Customers of TCF Bank have seen little change since Minnesota's third-largest bank finished merging with Michigan-based Chemical Financial Corp. last week.
But there's been confusion for stock watchers.
On some websites, TCF's stock price appeared to have nearly doubled from around $20 to about $40 a share on Thursday, the day the deal closed. On others, TCF's old stock prices, which hovered in the $20 range, disappeared completely and were replaced with the stock history of Chemical Financial.
"I know that the company has gone though a merger. Did it cause the price of the stock to double?" one shareholder wrote to the Star Tribune over the weekend.
Here's what happened:
While it was called a merger, the deal was actually a simple acquisition in which Detroit-based Chemical Financial bought out TCF's shareholders with stock. But in an unusual step for an acquiring firm, Chemical Financial decided to rename itself with the name of the firm it was buying.

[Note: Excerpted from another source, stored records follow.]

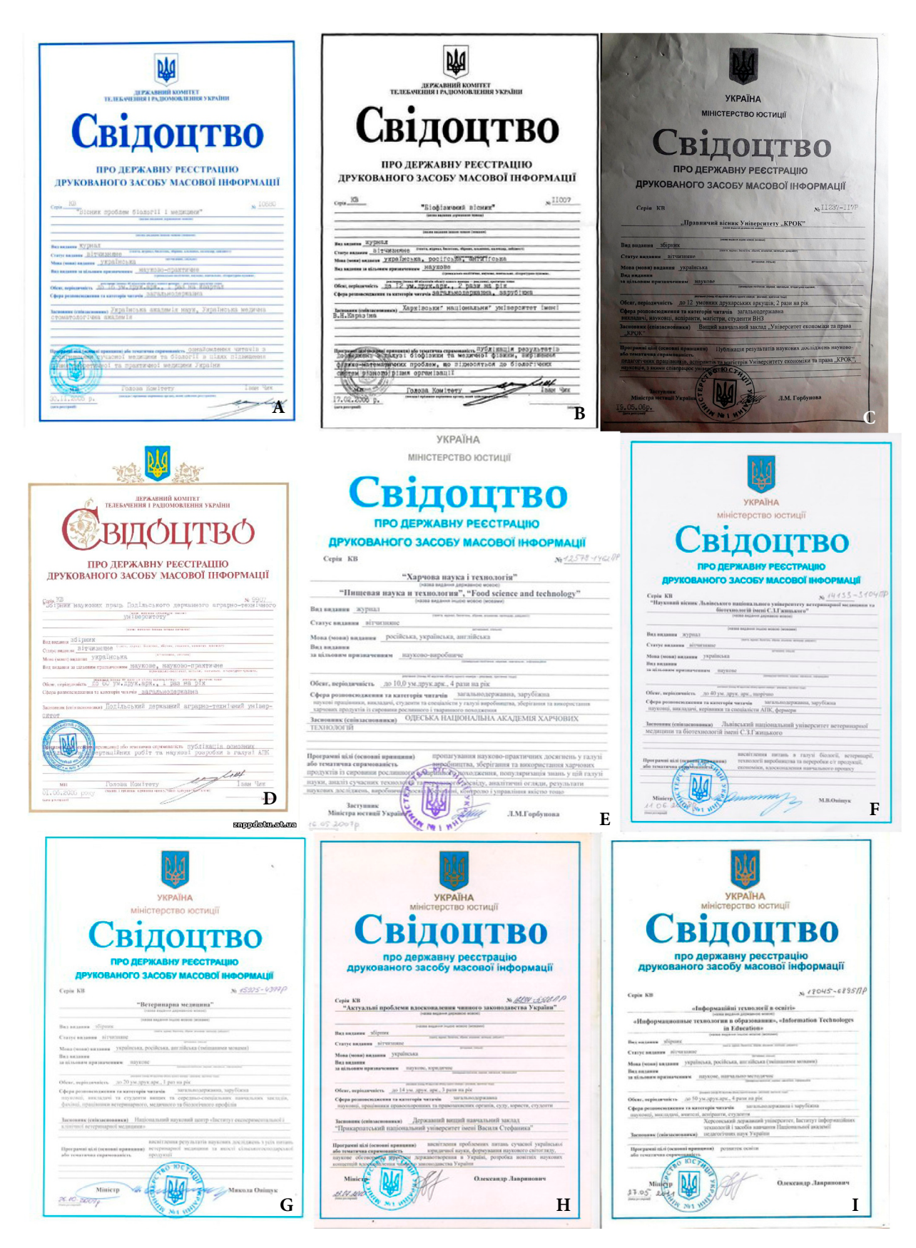
FIGURE 8. Certificates of state registration of the print mass media, the print peer-reviewed journals, from November 2005 to May 2011 (A–I).
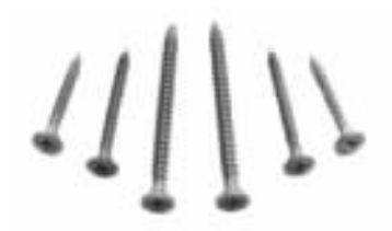
图 1-5 墙板自攻螺钉

墙板自攻螺钉（图 1-5）是一种主要适用于在轻钢龙骨上固定纸面石膏板等板材的一种专用自攻螺钉。墙板自攻螺钉的材质比普通自攻螺钉好，螺钉头形式常用的是十字沉头式，但其钉头与钉杆交接处呈曲线状。采用墙板自攻螺钉在轻钢龙骨上固定纸面石膏板，不需要
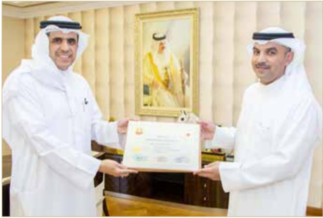
وزير الإعلام يستقبل المدير العام لوكالة أنباء البحرين

إثر مشاركته واجتيازه دورة الدفاع الوطني الثانية
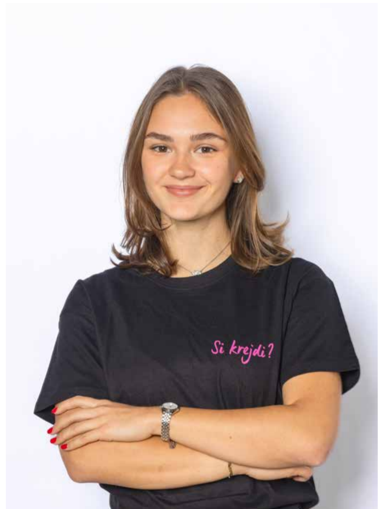
V klubu si bodo še naprej prizadevali, da delovanje dvignejo na še višjo raven.

Študentsko življenje v Murski Soboti se, kot pravi nova predsednica, močno razlikuje od tistega v Ljubljani. Glavni razlog je odsotnost univerze ali rednih študijskih smeri v mestu. A marsikatera slabost je lahko tudi prednost – na obeh straneh. Tako se mladi iz Prekmurja, ki se po srednji šoli odpravijo na študij v univerzitetna mesta, hitreje osamosvojijo, negativna plat pa je, da zapustijo domače
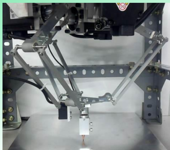
倣い動作の 教示と自動再生

NC工作機械・ステージ装置・エレベータ・ディスク装置・車両駆動システム・圧延機・印刷機・フィルム成形機・協働ロボット・運動支援装置・電動航空機などの高精度制御。
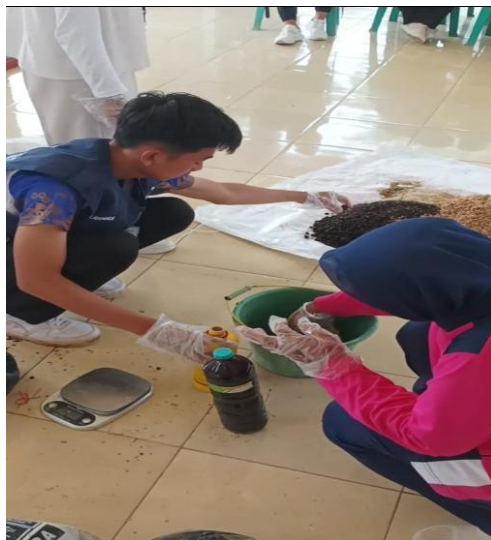
Gambar 2. Proses Pencampuran Bahan

Pada saat itu kita mencontohkan pembuatan pupuk kompos padat dengan bahan-utama, bubuk gergaji, sekam bakar, dedak, kotoran kambing, dengan perbandingan 1:4 lalu disemprotkan dengan larutan EM-4 yang sudah dicampur dengan Molase sebagai makanan pada bakteri tersebut. Tahap selanjutnya aduk sampai rata dan tutup dengan rapat bila sudah tercampur dengan sempurna, diamkan selama 3-4 minggu, setiap 1 minggu sekali cek agar gas dan juga proses pengomposan berjalan dengan baik. Setelah menginjak minggu ke 4 pupuk kompos siap diaplikasikan ke tanaman.
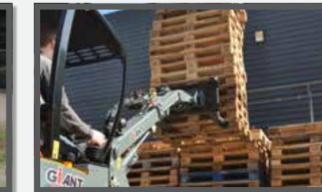
NL PALLETVORKEN COMPACT EN PALLET FORKS COMPACT DU PALETTEGABEL KOMPAKT FR FOURCHES À PALETTES COMPACT
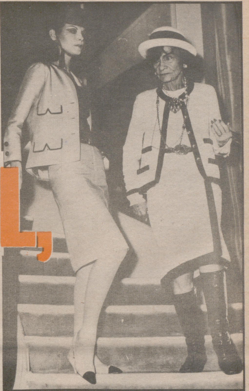
Gabrielle Chanel con la modelo española, una de sus preferidas, llamada Madina, luciendo un conjunto creado por la famosa diseñadora. — (Foto Efe).

Coco Chanelle desde que se hizo célebre, renunció a tener casa propia. "Las cosas propias —decía— dan muchos quebraderos de cabeza y yo ya tengo bastantes". Decidió vivir en un hotel, concretamente el hotel Ritz de París, donde moriría. Un pisito pequeño encima de su establecimiento, para recibir a los
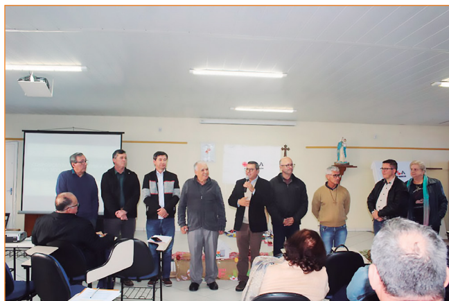
Diretoria da ASA.
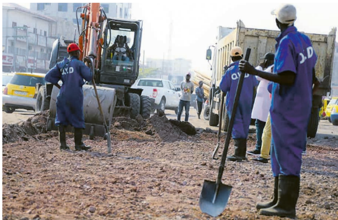
Le rond-point des Huileries en pleine réhabilitation

L'objectif de cette opération est d'évacuer les emprises publiques de tout encombrement occasionné par des marchés pirates et des stationnements anarchiques des véhicules de transport en commun. Ce programme qui s'inscrit dans le cadre de l'opération Kinshasa-Bopeto vise le respect et la restauration des normes urbanistiques à travers toute l'étendue de la ville de Kinshasa.
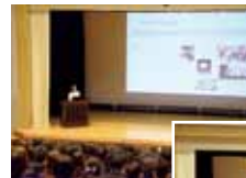
卒業生による進路講演
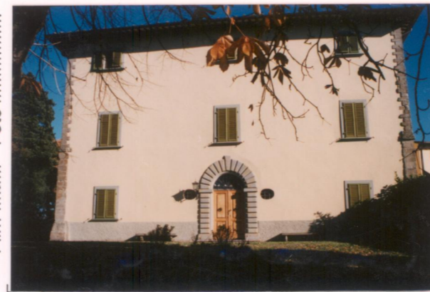
p.v. N. Il fronte sud-ovest
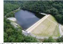
(防災重点ため池の安全対策の実施)
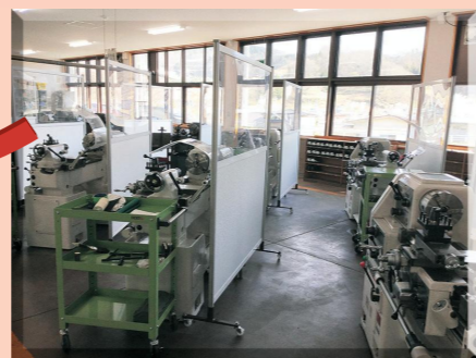
実習室には各種金属加工の機械が設置されている
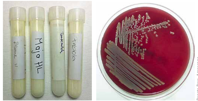
Photo gauche: Echantillons de lait prêts pour analyse Photo droite: Milieux de culture avec des colonies de Staph. aureus

On sait aussi que les quantités de Staph. aureus excrétées par les vaches malades fluctuent fortement (fig. 1/rouge). Or, les nouvelles méthodes de biologie moléculaire (PCR) sont beaucoup plus sensibles et peuvent donc détecter dans le lait des quantités de germes nettement plus faibles (fig. 1/bleu). Ainsi, le prélèvement d'échantillons pour la détection de Staph. aureus est possible à tout moment (on évite les résultats faux négatif).
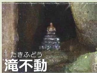
たきふどう 滝不動

【滝不動と屏風岩】 石だたみを利用した石段を上げれば樹木が繁茂するところに岩が重なり合った岩屋がありその中には不動明王が安置されています。岩屋の前の大石の上に蛇龍の石像があり、その上から落ちる滝がふりかかるところ
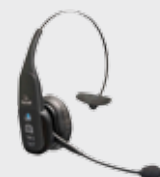
■ 94ACC0127 Bluetooth Headset VX1 B350-XT
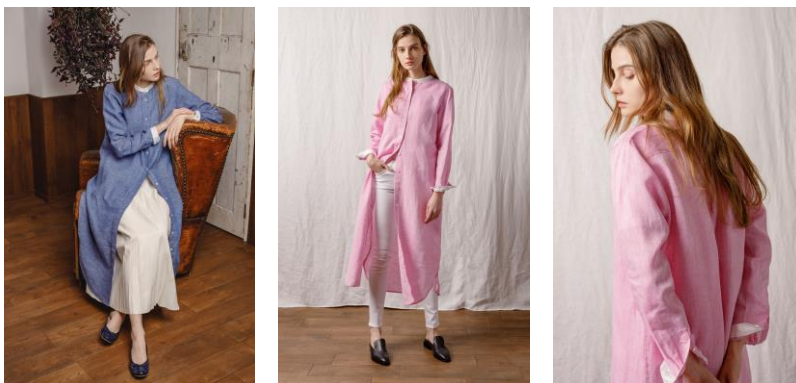
<発売中>ハードマンズリネン クレリックシャツワンピース

https://store.nestrobe.com/highgrove/itemdetail?ItemID=500211-0005&sci=22
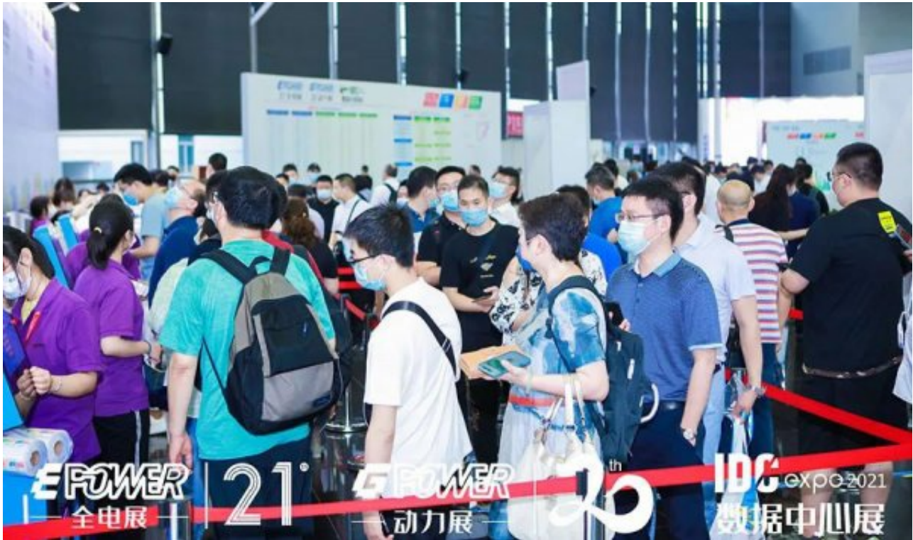
名企齐聚，共享行业盛会

为期三天的展会，700余家国内外参展企业带来数据中心设备及运维、物联网与电力行业结合新兴技术，城市综合解决方案，储能、燃气智能发电，面向能源互联网的电力保护与控制，新型智能配用电设备，智能电网、输配电等自主创新技术、新产品、新应用，在46000平方米展厅中，充分展现品牌魅力，满足行业转型升级的产品采购新需求，推动产业低碳化、绿色化、智能化、高质量融合发展。
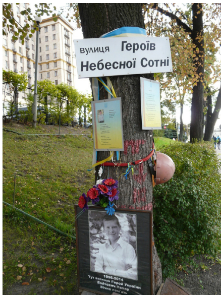
2. fotó. Utcanévtábla a Mennyei Század Hősei utca egy szakaszán. A fotók és virágok személyessé és élővé teszik a különböző emlékhelyeket (Kijev, 2016. szeptember)
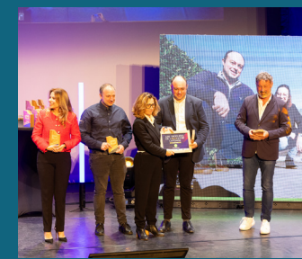
↑ UNELO - Trophée « Eco-responsable »
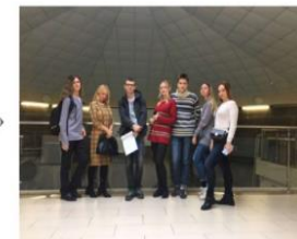
Объединение «Музейная лаборатория»
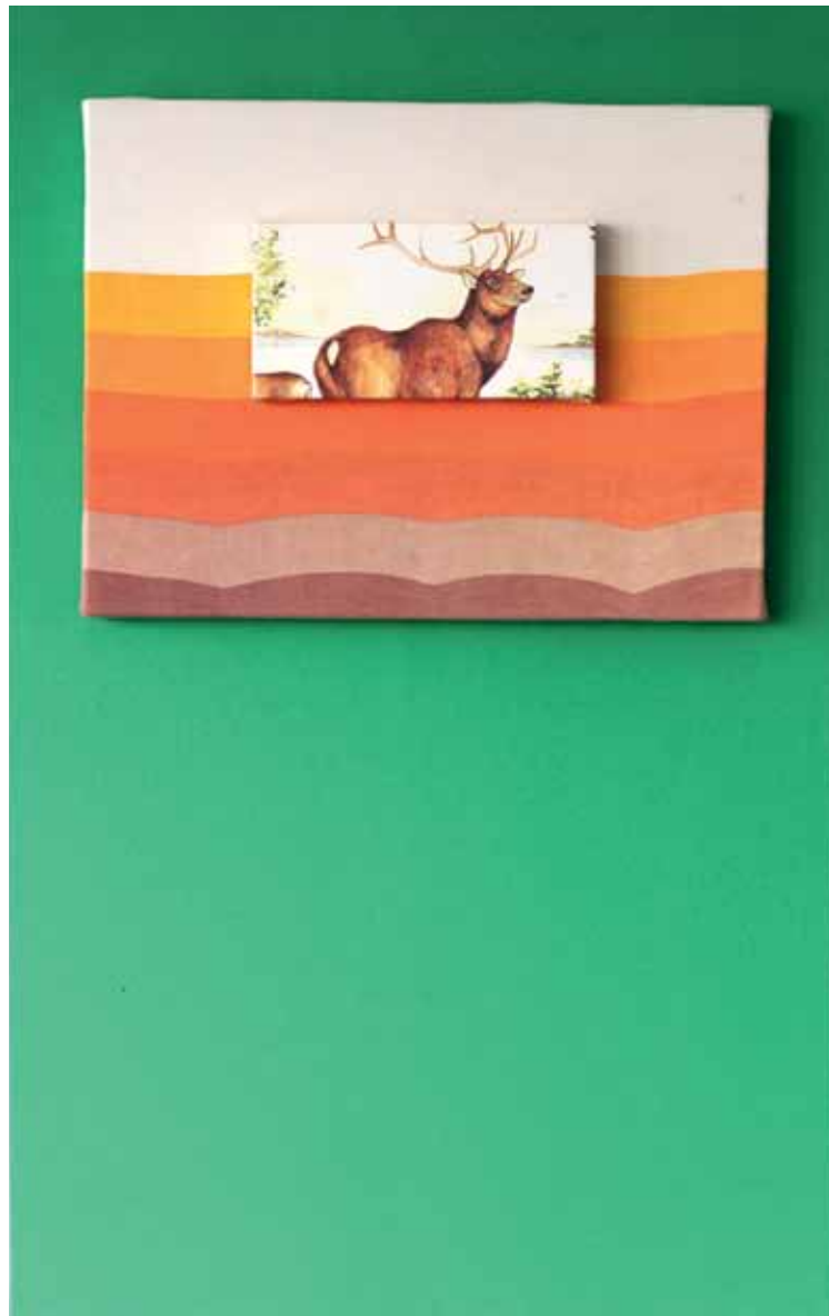
Untitled , 2013 Stretched textile 80 x 50 cm
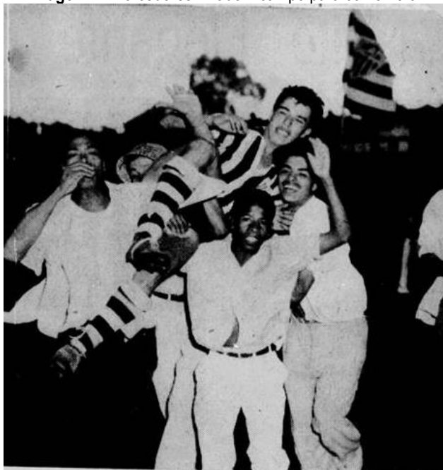
Imagem 4 - Torcedores invadem campo para comemorar
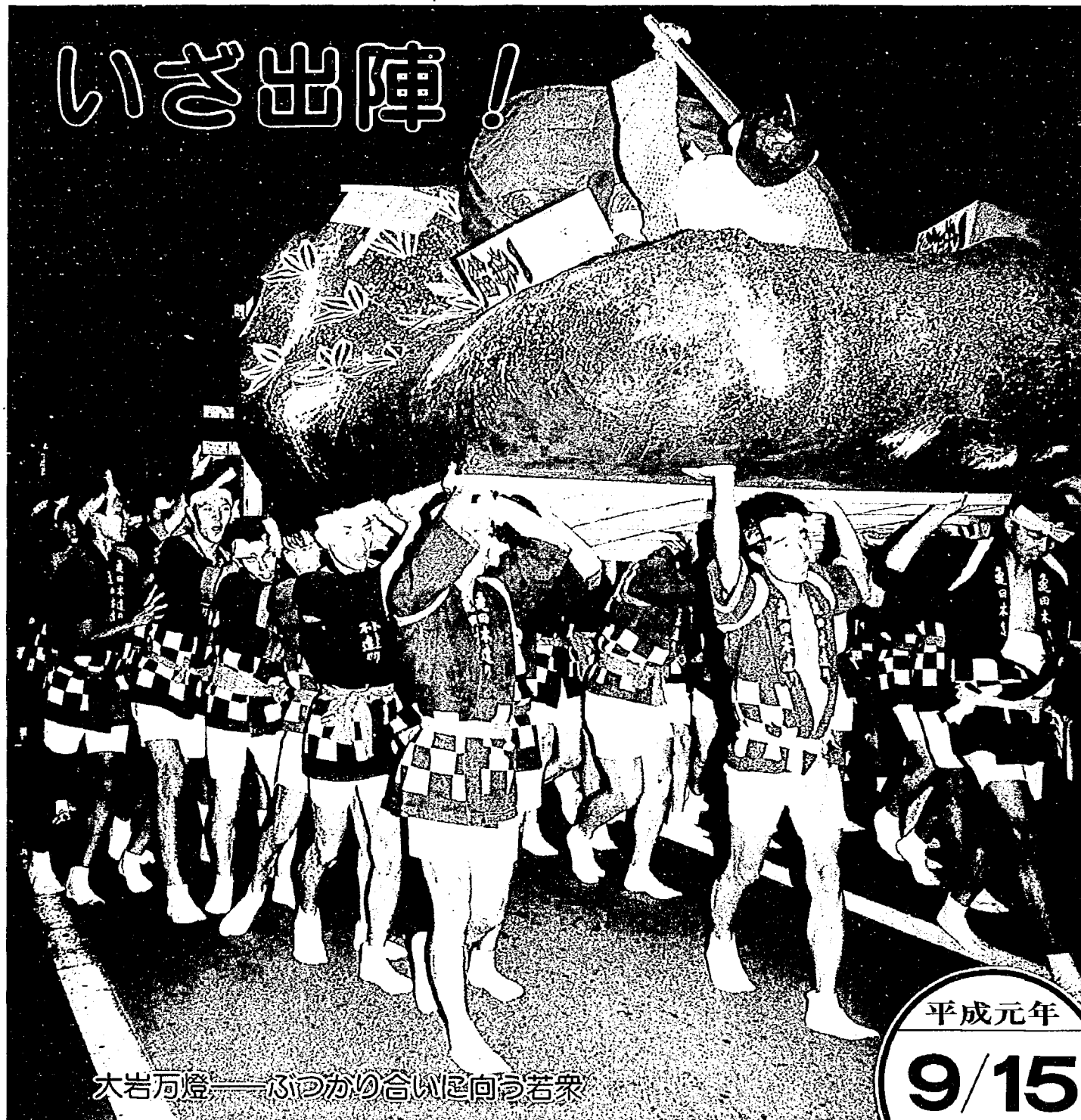
大岩万燈——ふりかひ合いを向う若衆
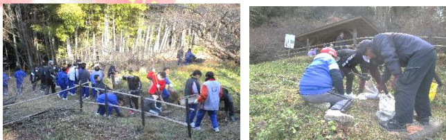
寒い中お疲れさまでした!

1月22日(木)梅見の時期を前に、国指定天然記念物『余田臥龍梅』周辺の清掃作業を行いました。寒い中、余田小3・4年生、柳井西中1年生、地域の皆さんに参加していただき、たいへんきれいになりました。作業にご協力いただいた皆さん、ありがとうございました。
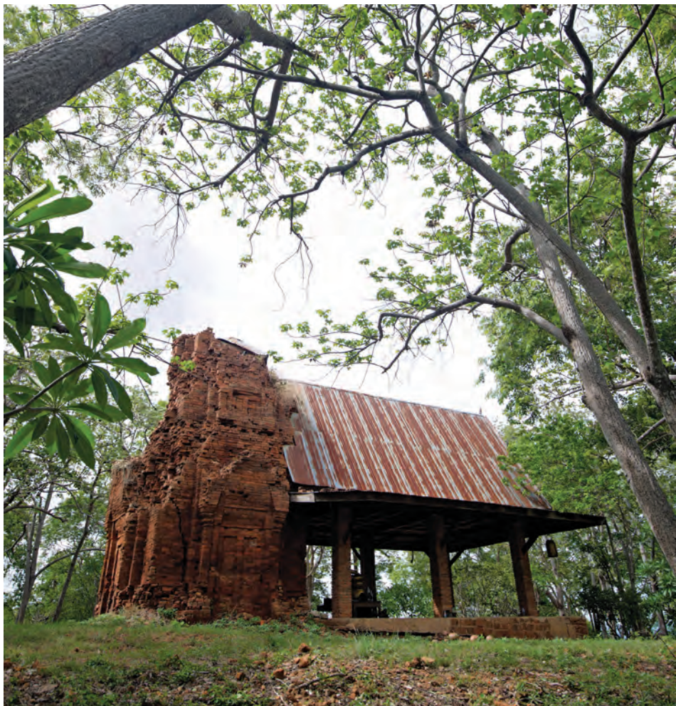
ปราสาทเขาน้อยสิขมพู

บูรณะปฏิสังขรณ์ในพุทธศตวรรษที่ ๑๕ เป็นศาสนสถานในศาสนาฮินดู ประกอบด้วย ปรางค์ ๓ หลัง ได้แก่ ปรางค์ทิศเหนือ ปรางค์องค์กลาง และปรางค์ทิศใต้ แต่คงเหลือเพียงปรางค์องค์กลางเท่านั้นที่ยังคงสภาพค่อนข้างสมบูรณ์ ต่อมาเมื่อ พ.ศ. ๒๔๗๘ ปราสาทเขาน้อยได้ขึ้นทะเบียนเป็นโบราณสถาน
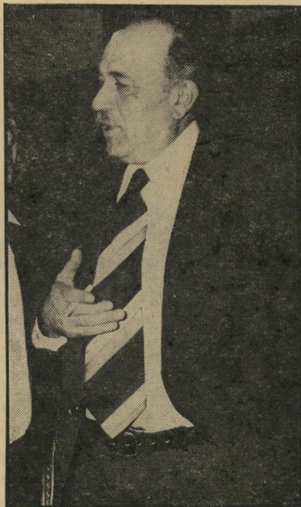
רביניצב תבורי חזרה לזיגל

במרץ רב בחקירת כל הפרטים שנמסרו. הצלחת החקירה עתה מעוררת מחדש את התמיהות, מדוע סירבו השוטרים לחקור כל העת את החומר. רק לפני כחודש מסר עורכי-דינו של עקביה, דניאל שרפמן, לזכריה בנאי, מפקד היחידה המרכזית בתל-אביב, את העובדות הנחקרות עתה. הלה סירב בהחלטיות לגעת בנושא, כשם שראובן מינקובסקי סירב אף הוא לפתוח את תיבת-ההפנדורה שהוגשה לו. החקירה שפתח בה בנימין זיגל מחדש יכולה להיות ראשיתה של הכביסה הגדולה במישטרה, שתחשוף שורה של קציני-מישטרה ה' משתפים פעולה זמן רב עם עבריינים, תמורת חלק מן השלל.
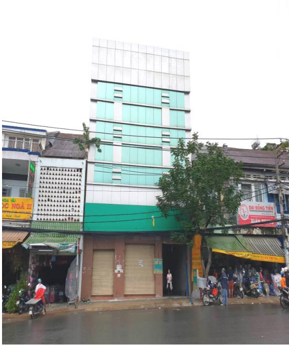
Mặt trước của tài sản

BDS 46 Lê Quang Sung, Phường 2, Quận 6, TP.HCM

In taking on the TCF name, it also adopted TCF's stock symbol, sometimes called a ticker symbol. That confused some personal finance websites, such as Yahoo Finance, which depicts TCF's shares as having nearly doubled last Thursday.
The structure of the deal was a stock-for-stock exchange based on a fixed ratio. If a TCF owner had 1,000 shares, they were converted to 508.1 shares of Chemical Financial just after midnight last Thursday. But with the conversion, Chemical Financial's shares took the TCF name.